* Supplied records *
□ □ □ □ □ □ □
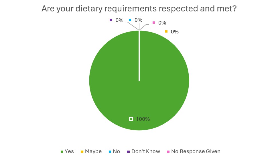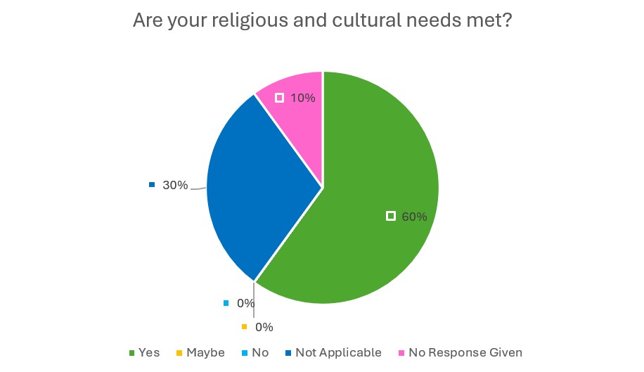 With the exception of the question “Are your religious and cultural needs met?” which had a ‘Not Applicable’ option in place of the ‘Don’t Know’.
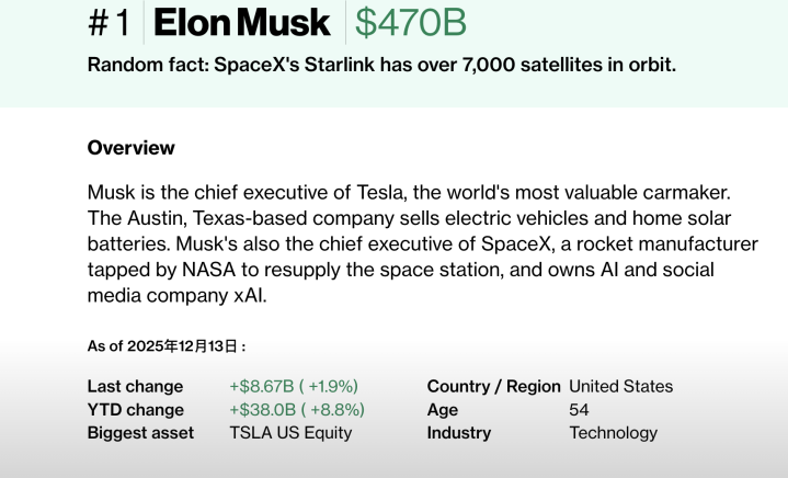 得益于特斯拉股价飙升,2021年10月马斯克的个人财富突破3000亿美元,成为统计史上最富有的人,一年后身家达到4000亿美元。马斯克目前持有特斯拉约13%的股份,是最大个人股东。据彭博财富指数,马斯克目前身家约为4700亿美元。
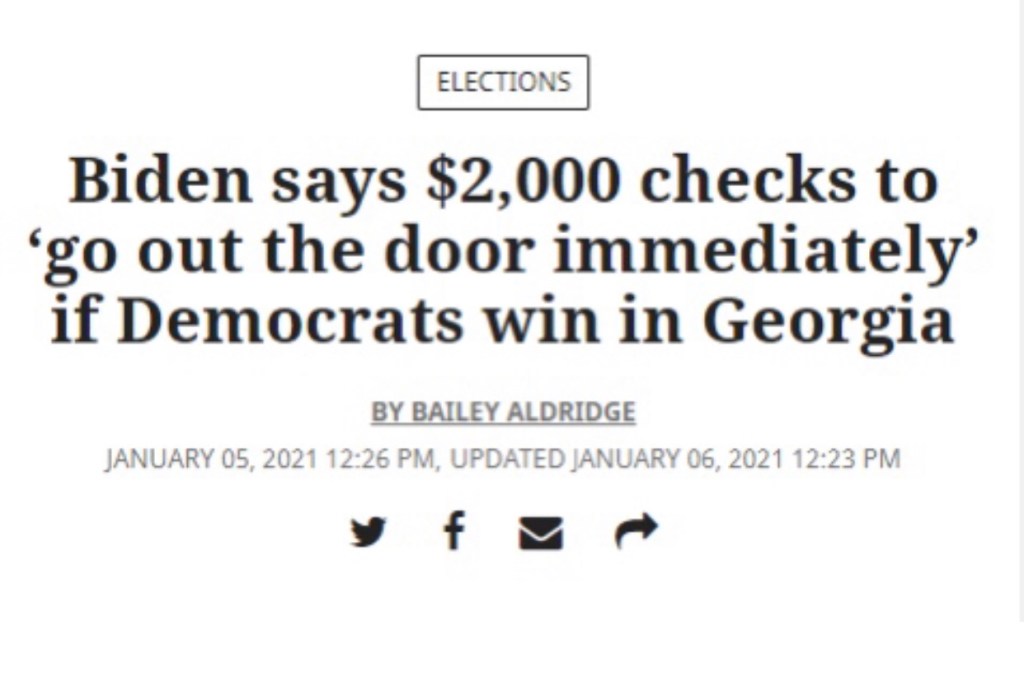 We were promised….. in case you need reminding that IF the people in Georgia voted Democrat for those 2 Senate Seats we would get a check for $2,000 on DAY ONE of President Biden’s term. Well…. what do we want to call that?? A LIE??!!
□ □ □ □ □ □ □
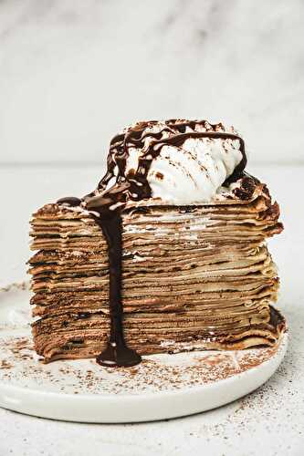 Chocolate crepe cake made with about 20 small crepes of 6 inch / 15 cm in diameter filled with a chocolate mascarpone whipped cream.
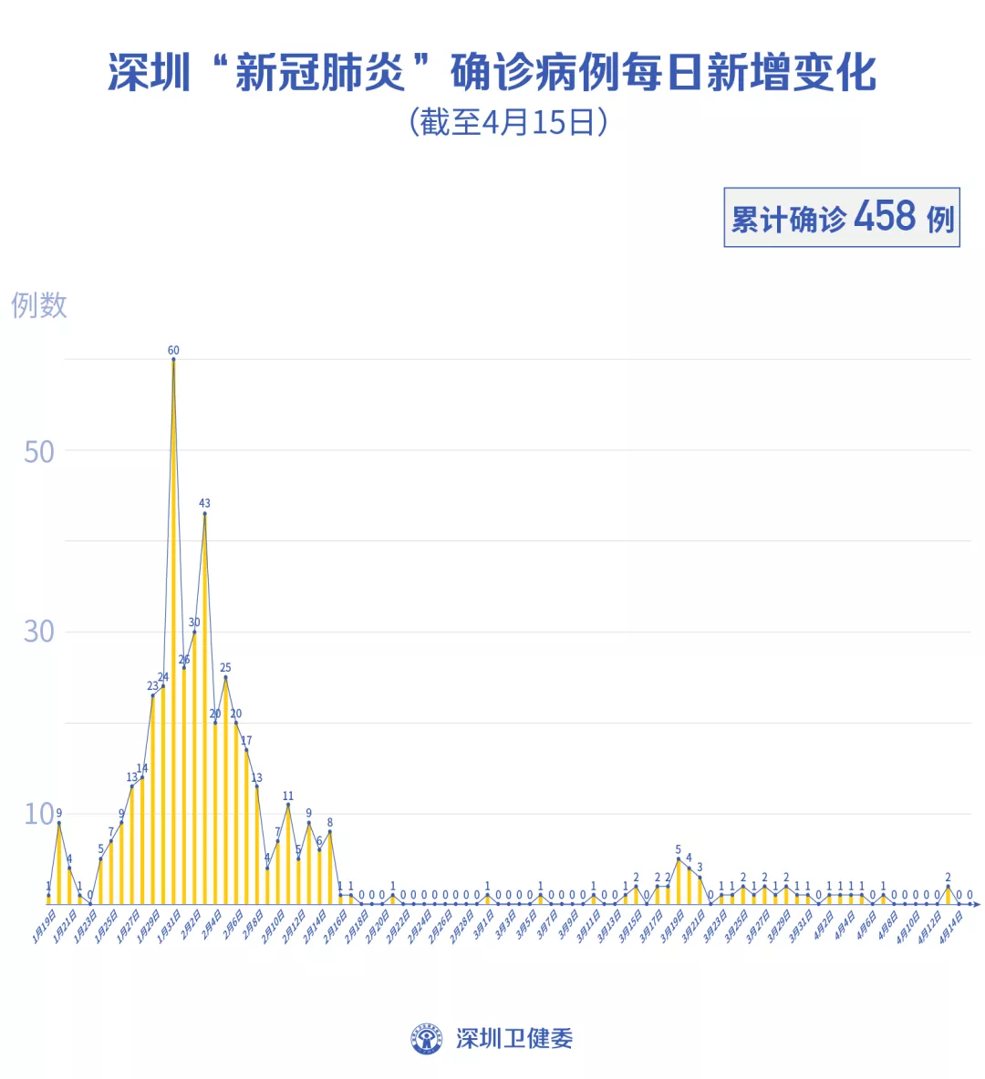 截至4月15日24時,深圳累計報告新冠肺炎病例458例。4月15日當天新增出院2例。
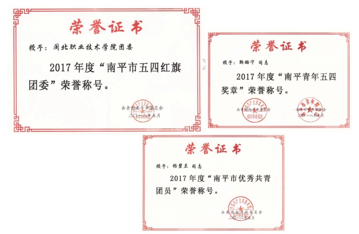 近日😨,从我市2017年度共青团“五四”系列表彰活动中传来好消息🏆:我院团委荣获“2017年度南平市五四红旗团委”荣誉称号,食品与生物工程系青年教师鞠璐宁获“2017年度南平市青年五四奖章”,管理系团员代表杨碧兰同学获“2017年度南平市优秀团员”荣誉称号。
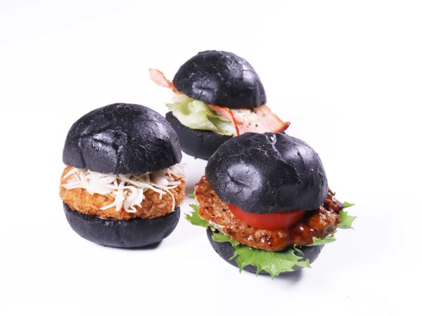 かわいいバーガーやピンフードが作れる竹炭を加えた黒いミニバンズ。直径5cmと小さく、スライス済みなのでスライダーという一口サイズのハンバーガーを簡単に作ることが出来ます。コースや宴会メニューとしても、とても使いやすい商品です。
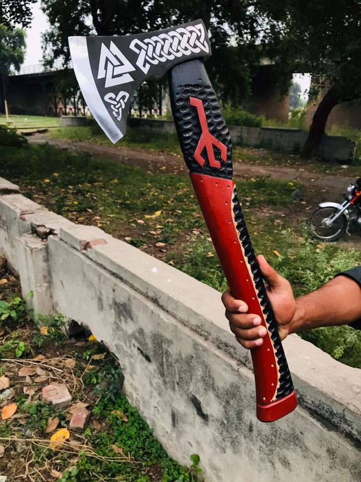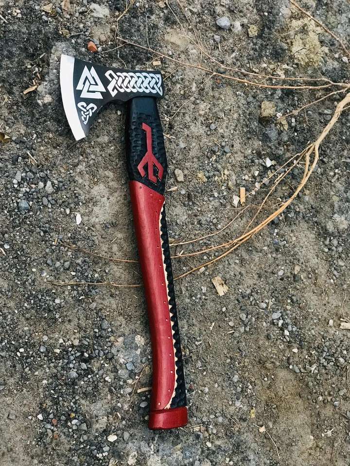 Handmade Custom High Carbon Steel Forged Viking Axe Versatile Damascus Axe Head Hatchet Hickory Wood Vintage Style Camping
□ □ □ □ □ □ □
* What is being asked *
What you need to produce is an exact copy of the entries above, limited to the lines from the one with "かわいいバーガーやピンフード" up to and including the one with "Handmade Custom High", without pictures.

* Exercise output *
 かわいいバーガーやピンフードが作れる竹炭を加えた黒いミニバンズ。直径5cmと小さく、スライス済みなのでスライダーという一口サイズのハンバーガーを簡単に作ることが出来ます。コースや宴会メニューとしても、とても使いやすい商品です。
 Handmade Custom High Carbon Steel Forged Viking Axe Versatile Damascus Axe Head Hatchet Hickory Wood Vintage Style Camping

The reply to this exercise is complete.